Русология
Шрифт:
– Папа, - спросил сын, - тульский язык такой: 'кочевряжимся', 'ты глядай, идрит', 'ендов'a', 'нестрой'?.. Так дед Гриша нам... Что, такой язык? Мы бы жили тут, я б учил этот тульский? Что-то не хочется. Есть, кто знает все языки?
– Их тысячи, - пояснил я.
– Но семейств меньше.
– Как это?
– Русский - брат итальянскому и другим...

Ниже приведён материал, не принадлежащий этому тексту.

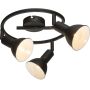En spotrondell med tre stycken lampskärmar i industriell stil, svartlackerad metall och häftig borstad färg i guld gör att denna spot står ut från mängden. Placera denna på kontoret, över köksbordet eller punktbelys konst i hemmet.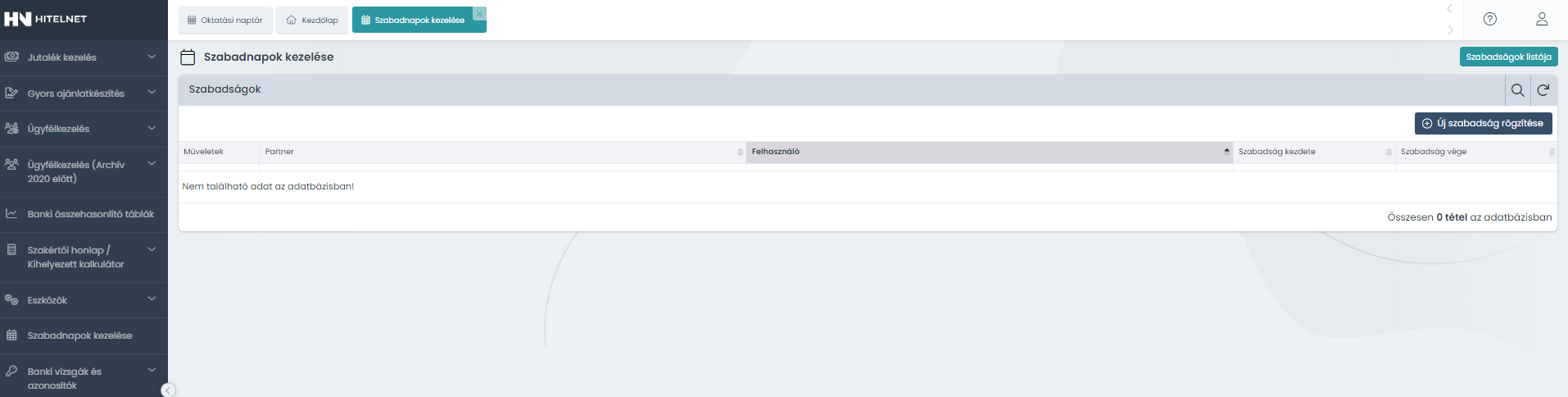 A szabadságot az admin rendszerben a baldali szürke menüsávban a Szabadnapok kezelése opciót választva tudod beállítani.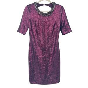 Laundry By Shelli Segal Evening Party Embellished Sequin Cocktail Dress in Light Boysenberry Purple. Size 4.

– Выкладывать, почему и каким 'другим', я не стал, предпочтя мелодизм названий, так как угадывал, что здесь важен не смысл, но тон, ритм, просодия. Все искусства, сколь их ни есть, пытаются стать как музыка. Я продолжил: - Семьи есть кельт-ские, эвенкийские, австралийские, аравакские, эфиопские, папуасские и славянские... и семитские,
Он восторгался: - Ох, пап, на-дене?!
– Время готовиться, - вспомнил я.
Он рванул вперёд. Оставалось до тьмы собраться; но и 'полить' сперва Заговееву. Тем не менее, скинув куртку, сев к столу, я вдруг сник. Из угла сын мой выволок ('пап, охотиться!') карабин и предметы, всё из ненадобных: детский кубик, подшипники, пачку соли, резинки, битое зеркальце, старый серп и блок спичечных коробков.
– Пап.
– Да.
– Ночью видел, будто мы у реки, и я лежу на лежанке, ну, этой самой...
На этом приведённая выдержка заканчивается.